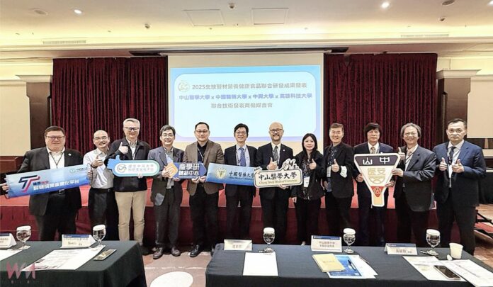 (觀傳媒中彰投新聞)【記者廖妙茜/台中報導】台中中山醫學大學為慶祝創校65週年,14日在福華大飯店舉辦「2025生技健康跨校研發成果發表與技術媒合會」,與大南方科研平台盟校高雄科技大學、國立中興大學及中國醫藥大學共同展示十多項生醫技術成果。活動邀請台中市府、中科廠商、生技和醫療體系及多所大學代表出席,展現中部產官學研整合的研發量能。
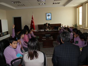 Kariyer planlaması ve mesleki tanıtım çerçevesinde gerçekleşen ziyarette Eşmekaya İlkokulu öğrencileri Kaymakamlık Mesleği ve ilçe yönetimi hakkında Kaymakam Mustafa İlhan’dan bilgi aldılar.
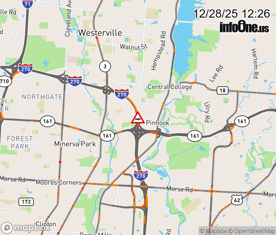 The 2 right lanes are blocked on I-270 North beyond SR-161, due to a crash. Updated: Sun 12/28/25 12:26 PM EST ![]() Updated: Sun 12/28/25 12:26 PM EST |
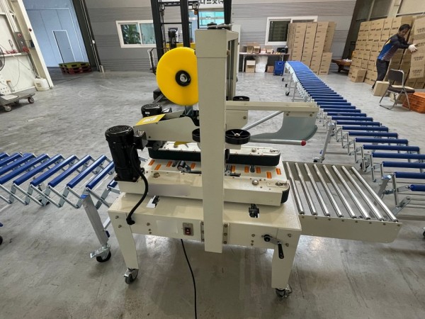 반자동으로 높이, 폭을 조절해서 여러종류의 박스를 상하 동시 테이핑할수가 있고
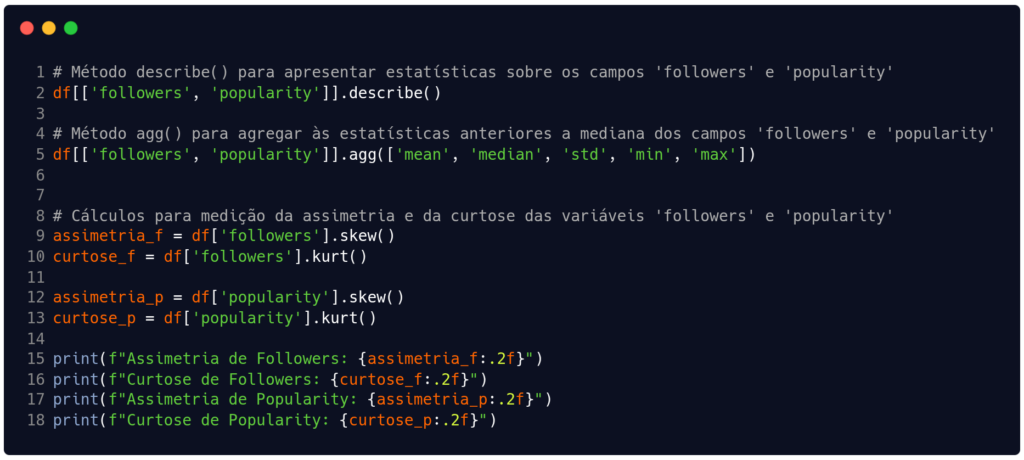 Falta obtermos algumas métricas de forma para as variáveis. Por isso, a partir da linha 9 na Figura 3 calculamos e imprimimos a assimetria e a curtose de 'followers' e 'popularity'. Agora, temos as medidas de tendência central, de dispersão e de forma dos dados.
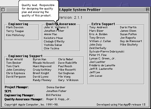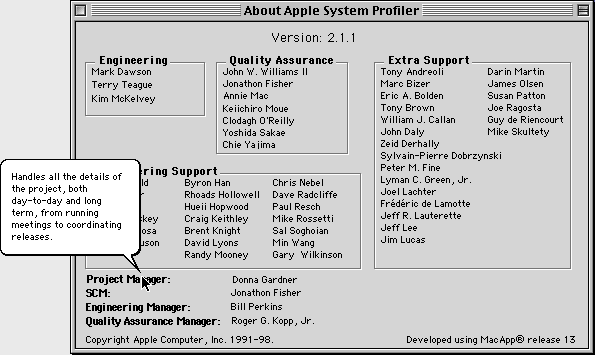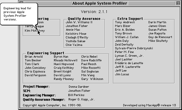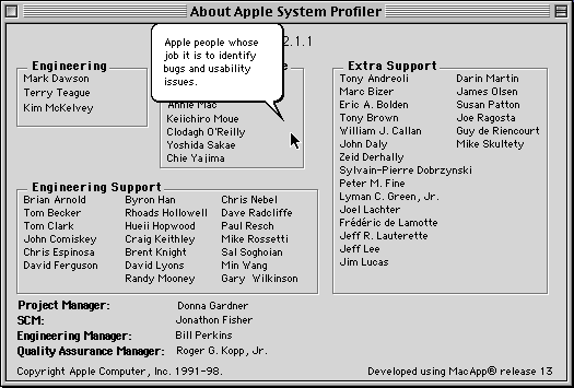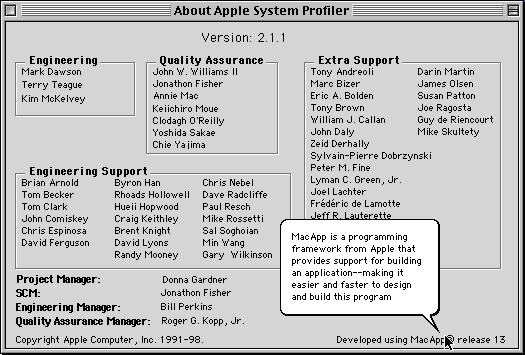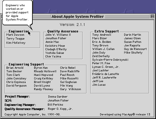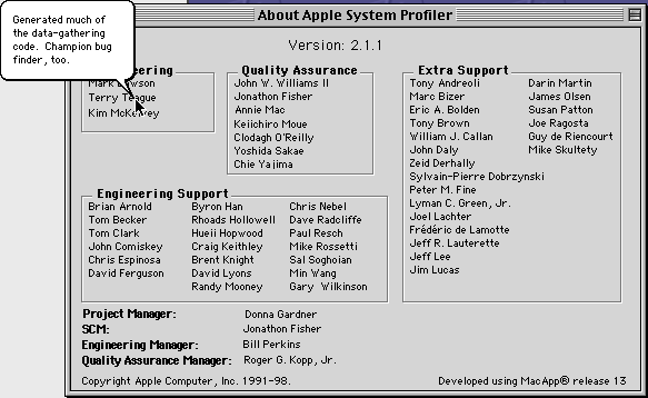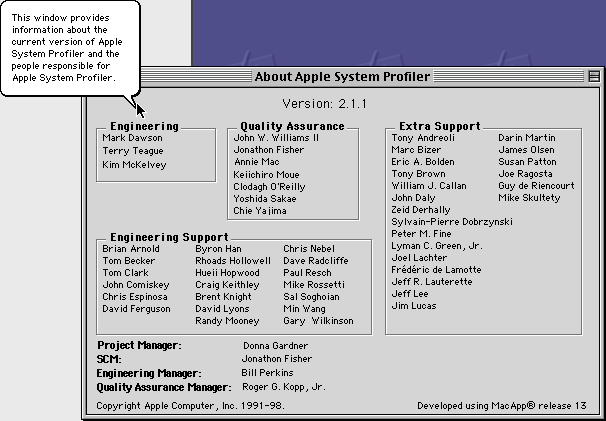 This window provides information about the current version of Apple System Profiler and the people responsible for Apple System Profiler.
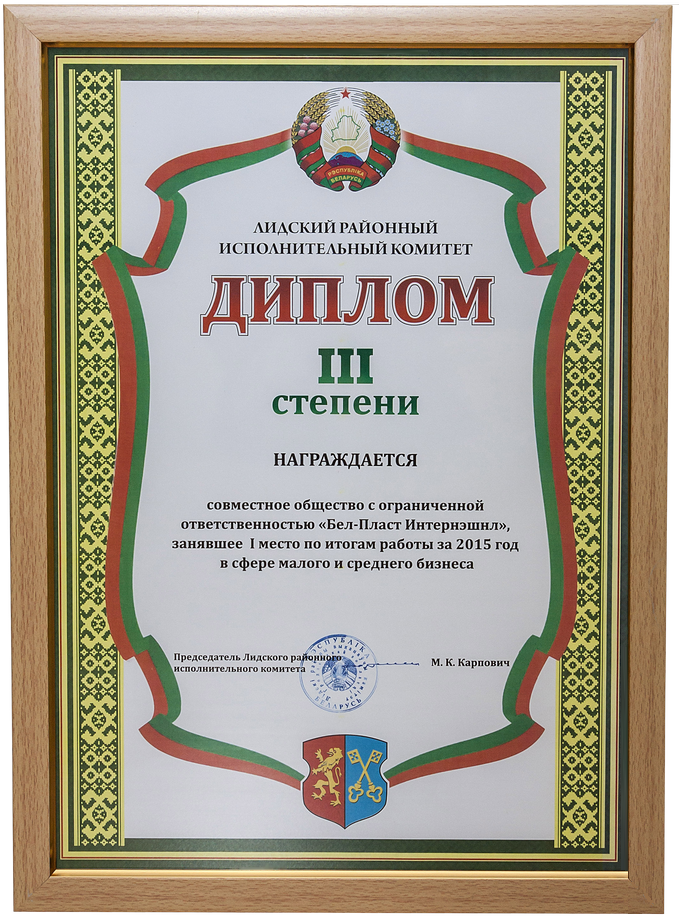 Совместное общество с ограниченной ответственностью "Бел-Пласт Интернэшнл" награждено дипломом III степени за 1 место по итогам работы 2015 года в сфере малого и среднего бизнеса.
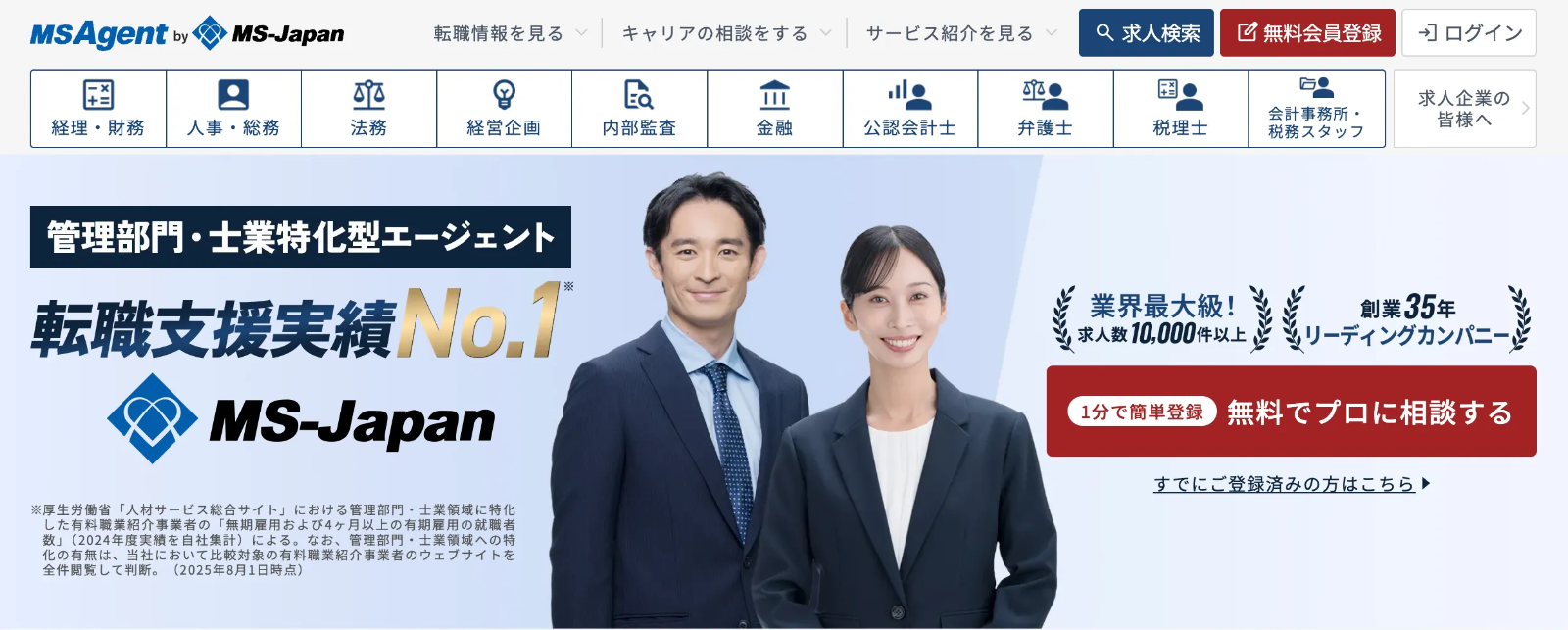実績 | 管理部門•士業特化型エージェント 転職支援実績No.1※ |
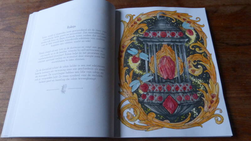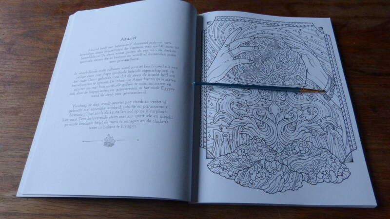 Toen ik het boek doorbladerde viel het me op hoe divers de kleurpaten waren, maar ook hoe passend de teksten erbij waren. Ze vermelden informatie over de edelsteen van de kleurplaat, maar ook hoe ze in de kleurplaat waren verwerkt. Achter op het boek staan alle edelstenen in de volgorde van het boek en op deze manier kun je ze ook precies na kleuren. Het papier voelt lekker aan dus het nodigt mij zeker uit om verder te kleuren.
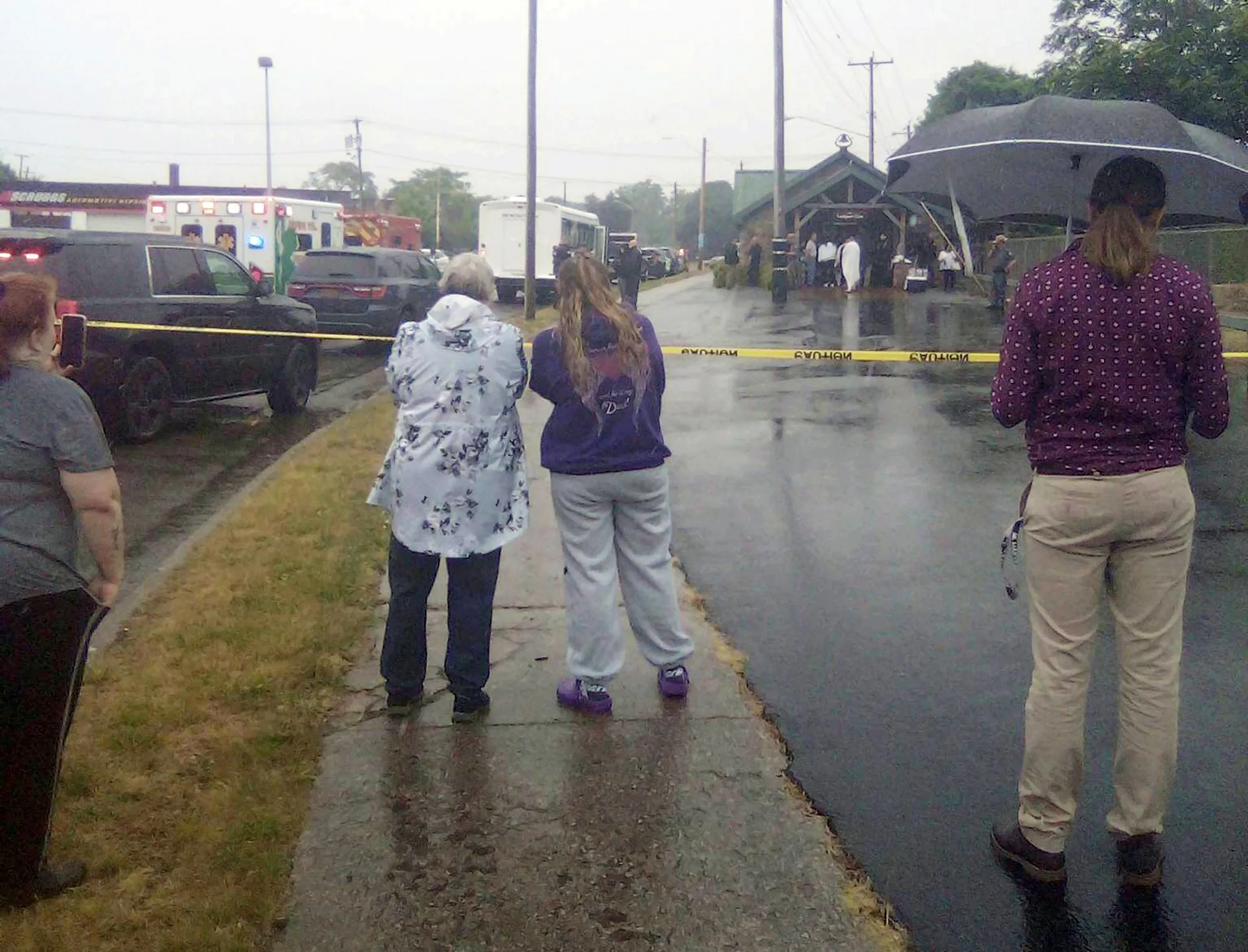 People look on as people are rescued after a boat capsizes in a cave system near Lockport, New York, on June 12, 2023. Photo provided by Thomas Coleman. (Photo by Thomas Coleman via AP Photo)
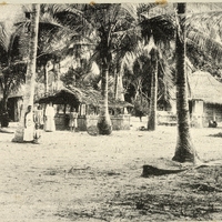 A "Settler" and his typical residence under Tropical Palms, Inhambane
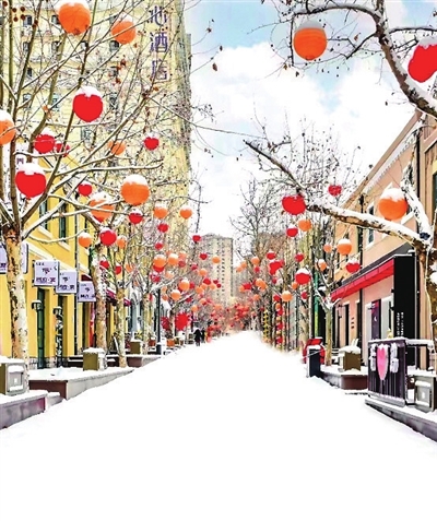 白雪映照红灯笼,历史城区年味十足。余瑞新 摄

****************

Keeping both end lines, retype exactly the lines from the first line of the material through the line that contains "반자동으로 높이, 폭을 조절해서 여러종류의 박스를 상하 동시 테이핑할수가 있고", but not the pictures.

 (觀傳媒中彰投新聞)【記者廖妙茜/台中報導】台中中山醫學大學為慶祝創校65週年,14日在福華大飯店舉辦「2025生技健康跨校研發成果發表與技術媒合會」,與大南方科研平台盟校高雄科技大學、國立中興大學及中國醫藥大學共同展示十多項生醫技術成果。活動邀請台中市府、中科廠商、生技和醫療體系及多所大學代表出席,展現中部產官學研整合的研發量能。
 Kariyer planlaması ve mesleki tanıtım çerçevesinde gerçekleşen ziyarette Eşmekaya İlkokulu öğrencileri Kaymakamlık Mesleği ve ilçe yönetimi hakkında Kaymakam Mustafa İlhan’dan bilgi aldılar.
 The 2 right lanes are blocked on I-270 North beyond SR-161, due to a crash. Updated: Sun 12/28/25 12:26 PM EST ![]() Updated: Sun 12/28/25 12:26 PM EST |
 반자동으로 높이, 폭을 조절해서 여러종류의 박스를 상하 동시 테이핑할수가 있고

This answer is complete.